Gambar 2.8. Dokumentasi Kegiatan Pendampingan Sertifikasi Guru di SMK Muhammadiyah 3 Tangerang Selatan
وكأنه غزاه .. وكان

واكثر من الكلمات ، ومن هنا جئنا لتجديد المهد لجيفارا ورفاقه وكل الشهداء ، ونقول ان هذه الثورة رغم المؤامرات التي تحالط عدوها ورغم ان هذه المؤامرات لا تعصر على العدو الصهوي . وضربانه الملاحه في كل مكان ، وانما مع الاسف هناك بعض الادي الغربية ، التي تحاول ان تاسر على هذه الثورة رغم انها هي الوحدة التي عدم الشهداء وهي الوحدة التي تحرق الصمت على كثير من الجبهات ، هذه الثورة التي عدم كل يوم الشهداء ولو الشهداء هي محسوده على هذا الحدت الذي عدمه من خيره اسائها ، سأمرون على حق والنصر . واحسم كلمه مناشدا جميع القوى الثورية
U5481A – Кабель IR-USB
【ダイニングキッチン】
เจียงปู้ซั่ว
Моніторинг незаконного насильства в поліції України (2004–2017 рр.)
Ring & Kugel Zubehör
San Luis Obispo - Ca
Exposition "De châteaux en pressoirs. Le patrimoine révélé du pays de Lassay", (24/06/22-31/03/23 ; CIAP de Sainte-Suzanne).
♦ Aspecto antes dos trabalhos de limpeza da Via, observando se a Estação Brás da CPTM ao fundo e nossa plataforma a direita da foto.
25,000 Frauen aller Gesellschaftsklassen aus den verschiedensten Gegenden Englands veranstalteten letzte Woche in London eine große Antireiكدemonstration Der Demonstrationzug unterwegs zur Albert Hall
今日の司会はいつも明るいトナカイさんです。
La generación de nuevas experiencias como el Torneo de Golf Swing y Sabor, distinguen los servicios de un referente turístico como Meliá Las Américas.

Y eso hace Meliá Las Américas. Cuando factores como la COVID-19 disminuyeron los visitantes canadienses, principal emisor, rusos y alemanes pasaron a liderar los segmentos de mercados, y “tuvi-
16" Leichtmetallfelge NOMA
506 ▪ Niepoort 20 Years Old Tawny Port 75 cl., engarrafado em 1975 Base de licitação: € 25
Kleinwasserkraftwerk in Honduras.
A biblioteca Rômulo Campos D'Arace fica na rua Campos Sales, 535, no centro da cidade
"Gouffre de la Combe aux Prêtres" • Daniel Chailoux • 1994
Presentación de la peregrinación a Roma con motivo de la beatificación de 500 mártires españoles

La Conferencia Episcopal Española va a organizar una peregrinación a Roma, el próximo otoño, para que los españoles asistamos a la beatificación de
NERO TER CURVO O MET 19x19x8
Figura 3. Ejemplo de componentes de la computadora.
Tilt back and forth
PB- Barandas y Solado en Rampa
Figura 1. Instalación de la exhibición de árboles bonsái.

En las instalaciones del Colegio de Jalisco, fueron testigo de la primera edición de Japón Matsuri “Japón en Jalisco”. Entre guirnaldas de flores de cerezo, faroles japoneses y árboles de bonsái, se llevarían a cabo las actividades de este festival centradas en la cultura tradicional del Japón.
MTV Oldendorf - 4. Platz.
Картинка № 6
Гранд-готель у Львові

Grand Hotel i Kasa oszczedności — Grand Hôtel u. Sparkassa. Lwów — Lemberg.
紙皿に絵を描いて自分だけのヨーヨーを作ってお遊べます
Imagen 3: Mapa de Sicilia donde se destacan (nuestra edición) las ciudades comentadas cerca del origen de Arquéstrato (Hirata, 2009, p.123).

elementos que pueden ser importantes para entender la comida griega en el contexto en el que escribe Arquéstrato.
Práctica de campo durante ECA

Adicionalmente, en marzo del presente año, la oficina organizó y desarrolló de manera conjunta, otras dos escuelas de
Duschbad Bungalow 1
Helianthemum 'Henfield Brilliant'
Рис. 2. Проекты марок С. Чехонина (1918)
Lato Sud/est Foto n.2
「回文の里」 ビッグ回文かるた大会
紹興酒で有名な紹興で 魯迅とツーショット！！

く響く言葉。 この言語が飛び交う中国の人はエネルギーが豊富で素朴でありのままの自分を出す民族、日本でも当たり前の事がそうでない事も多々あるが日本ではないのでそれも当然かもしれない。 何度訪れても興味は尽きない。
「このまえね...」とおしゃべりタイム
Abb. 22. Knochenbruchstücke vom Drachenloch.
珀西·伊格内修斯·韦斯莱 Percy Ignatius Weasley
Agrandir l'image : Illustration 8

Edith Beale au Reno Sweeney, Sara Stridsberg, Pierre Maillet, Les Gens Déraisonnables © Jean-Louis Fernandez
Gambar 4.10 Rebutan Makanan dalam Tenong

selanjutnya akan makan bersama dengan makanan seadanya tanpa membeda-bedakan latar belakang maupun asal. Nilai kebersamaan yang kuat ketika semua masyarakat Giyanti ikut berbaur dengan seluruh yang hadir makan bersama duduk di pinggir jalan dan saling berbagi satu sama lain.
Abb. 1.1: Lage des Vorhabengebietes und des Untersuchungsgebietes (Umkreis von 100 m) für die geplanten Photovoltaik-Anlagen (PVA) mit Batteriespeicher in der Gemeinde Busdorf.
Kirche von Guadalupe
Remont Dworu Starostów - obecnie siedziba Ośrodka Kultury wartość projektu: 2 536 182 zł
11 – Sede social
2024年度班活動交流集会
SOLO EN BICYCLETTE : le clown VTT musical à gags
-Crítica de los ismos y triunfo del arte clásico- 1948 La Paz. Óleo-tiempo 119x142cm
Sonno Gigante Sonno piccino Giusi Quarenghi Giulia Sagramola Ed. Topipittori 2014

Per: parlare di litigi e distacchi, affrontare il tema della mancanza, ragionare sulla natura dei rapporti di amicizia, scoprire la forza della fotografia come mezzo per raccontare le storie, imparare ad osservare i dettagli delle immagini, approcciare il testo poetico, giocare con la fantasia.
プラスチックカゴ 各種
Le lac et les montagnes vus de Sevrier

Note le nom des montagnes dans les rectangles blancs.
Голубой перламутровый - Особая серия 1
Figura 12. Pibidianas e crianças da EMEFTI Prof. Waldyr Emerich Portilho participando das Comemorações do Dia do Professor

◇ ◇ ◇ ◇ ◇ ◇ ◇

§ BRIEF:
Which lines of the records above hold the word "Américas"? Copy each one out.

§ WORKED SOLUTION:
La generación de nuevas experiencias como el Torneo de Golf Swing y Sabor, distinguen los servicios de un referente turístico como Meliá Las Américas.
Y eso hace Meliá Las Américas. Cuando factores como la COVID-19 disminuyeron los visitantes canadienses, principal emisor, rusos y alemanes pasaron a liderar los segmentos de mercados, y “tuvi-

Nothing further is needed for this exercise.